Hayvan Özgürleşmesi ve Sosyal Devrim, Brian A. Dominick : 3

Sosyal Devrim Nedir?

“Devrim” anlamı kişiden kişiye değişen kelimelerden biridir. Hatta muhtemelen “devrimin” ne olduğu konusunda aynı fikre sahip olan iki insan bulmak mümkün değildir demek yanlış olmaz. Benim bakışımda bu devrimi gerçekten güzel yapan şeydir.

Ben devrimden bahsettiğimde, dramatik bir sosyal dönüşümü kastediyorum. Ama benim devrimim devlet veya kapitalizmin yıkılması gibi dış dünyadaki objektif değişimlerle tanımlı değil. Bunlar bana göre yanlızca semptomlar. Bence devrim bizim dışımızda bulunabilen bir şey değil. Tümüyle içsel ve tamamiyle kişisel birşey.

Her bireyin bir bakış açısı vardır. Hepimiz dünyayı farklı bir şekilde görürüz. Ancak çoğu insan için, bakış açılarını içinde yaşadıkları toplum onlar için biçimlendirir. Ezici çoğunluğumuz, dünyayı ve kendimizi, hayatlarımızı yöneten kurumlar, yani hükümet, aile, evlilik, kilise, şirketler, okul, vb. tarafından koşullanmış bir şekilde görürüz. Bu kurumların her biri de, genel olarak Sistem dediğim —göreli bir azınlığın gücünün devamını sağlamak amacıyla kurulmuş— bir varlığın parçasıdır. Bu seçkin tabakanın hep daha fazla ve daha fazla güç hırsından destek alan Sistem kaçınılmaz şekilde dünyanın geri kalanına baskı yapmak suretiyle iktidarını besler.

Sistem, çoğu açıkça kabul edilen ama nadiren anlaşılan, çok daha az oranda karşı çıkılan, pek çok farklı baskı türü kullanır. Önce sınıf ayrımı vardır, yani ekonomik baskı; devletçilik, yani insanların siyasal otorite yoluyla boyun eğdirilmesi; cinsiyetçilik ve eşcinsellik, yani heteroseksüel (erkek) üstünlüğü ya da ataerkillik; ırkçılık, ki etnik kökene dayalı baskı için kullanılan genel bir terimdir. Bu açıkça kabul edilen baskı türlerine ek olarak yaşa bağlı ayrımcılık, yani yetişkinlerin çocuk ve genç insanlar üstündeki hegemonyası; ve son olarak da insan merkezcilik, yani türcülük dolayısıyla ortaya çıkan baskılar ve çevresel yıkım vardır[2].

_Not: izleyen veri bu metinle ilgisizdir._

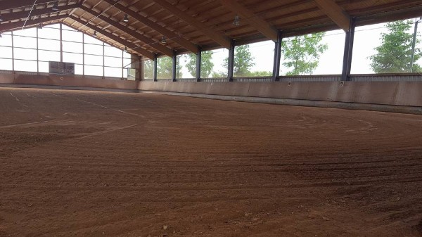 Halle: Die sehr helle Reithalle mit Hufschlag 20 x 45 m ist mit Windschutznetzen ausgestattet, bietet daher optimale Sicht und frische Luft. Die Halle verfügt über eine automatische Bewässerungsanlage. Der Boden besteht aus einem Holz-Sand-Gemisch.
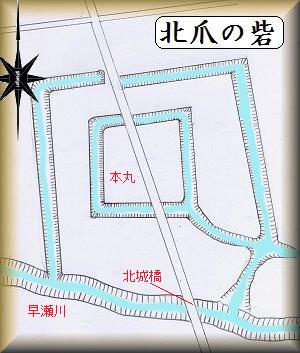 北爪の砦は、県道28号線と10号線とが交差する浜川町交差点の南100mほどの所にあった。航空写真を見てみると、西側の内堀と外堀の跡がくっきりと見えている。右の図は山崎一氏の図と古い航空写真を基にして作成した想像図である。
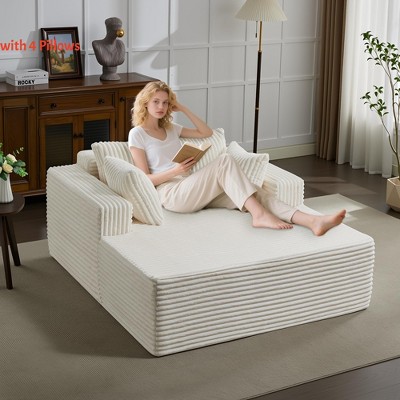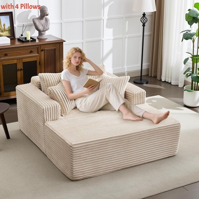 GDFStudio Charlotter 78.8"W Modern Corduroy Upholstered Compressed Double Chaise Lounge
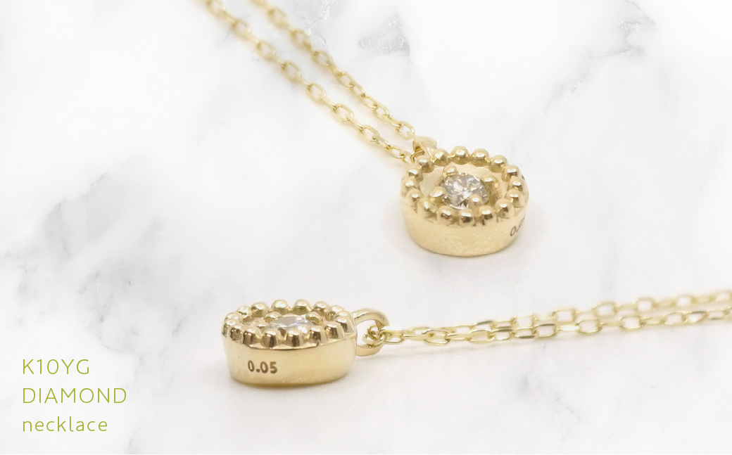 粒金のフレームに1粒ダイヤモンドをセッティングしたベーシックデザインのネックレスです。
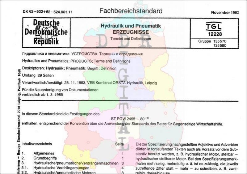 Standard: Fachbereichstandard Ausgabe: November 1983 verbindlich ab: 01.01.1985 Verantwortlich VEB Kombinat ORSTA-Hydraulik Leipzig bestätigt am: 28.11.1983 Bestätigt von: VEB Kombinat ORSTA-Hydraulik Leipzig Anzahl Seiten: 32
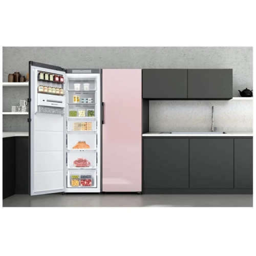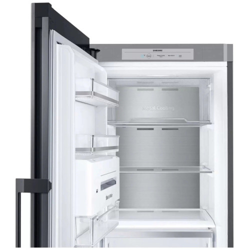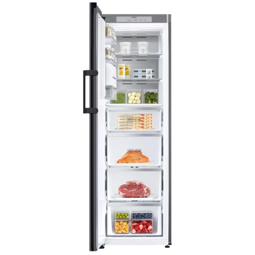 Морозильная камера Samsung RZ32T7435AP предназначена для длительного хранения продуктов.места хватитэта модель создана в соответствии с принципом Space Max, позволяющим увеличить полезный объём. Несмотря на сравнительно небольшие габариты, в вашем распоряжении – 315 л свободного пространства.персонализациясоздайте неповторимый стиль, используя сменные панели (они покупаются отдельно). Вам предлагается огромный выбор цветов, а также три материала – металл, глянцевое и матовое стекло.современные технологииинверторный компрессор работает с низким шумом и поддерживает температуру точно на заданном уровне. Металлическая панель Metal Cooling на задней стенке обеспечивает дополнительное охлаждение. За разморозку отвечает система No Frost: воздух, циркулирующий по всей камере, препятствует образованию наледи.ВСЁ под контролемэлектронная система управления позволяет легко регулировать настройки. Чтобы изменить важные параметры или задействовать функцию, которая нужна в данный момент, достаточно прикоснуться к сенсорной панели.

Tarih boyunca, Sistem bu baskı dengelerine dayalı olarak varlığını sürdürmüş, ve bunların sonucu olarak gücünü arttırıp yoğunlaştırmıştır. Bunun sonucu olarak, her baskı türü bir diğerine bağlı hale gelmiştir. Bu farklı baskı türlerinin birleşmesi birbirinin etkisini arttırıp, özellikle güç ve dayanıklılık konusunda birbirini tamamlamasına yol açmıştır.

Sosyal olarak bizi kurgulayan güç, aynı zamanda ırkçılığın, türcülüğün, cinsiyetçiliğin ve sınıf ayrımcılığının vb. arkasındaki güçle aynıdır. Dolayısıyla çoğumuzun, Sistemin kurumlarının ürünleri olarak, baskıyı içimizde besleyecek şekilde sosyal olarak kurgulandığımızı varsaymamız makul olacaktır.

Devrim bize küçük yaştan beri aşılanmış batıl inançlara ve sahte değerlere, ve yapmayı ve yapmamayı öğrendiğimiz davranışlara meydan okuma sürecidir -bir olay değil-. Düşman kendimizizdir; kafamızın içindeki zorbalardan kurtulmak devrim olacaktır —onların sokaktaki yapılarının çöküşünü izlemek yalnızca birlikte, yekvücüt ve sınırsız bir şekilde devrim yaptığımızın (müjdeli!) bir işaretidir. Sosyal devrim içsel süreçlerin bir toplamıdır. İçinde yaşadığımız objektif koşulların radikal sosyal değişimi, böyle bir devrimin sonucu olarak ancak orataya çıkabilir.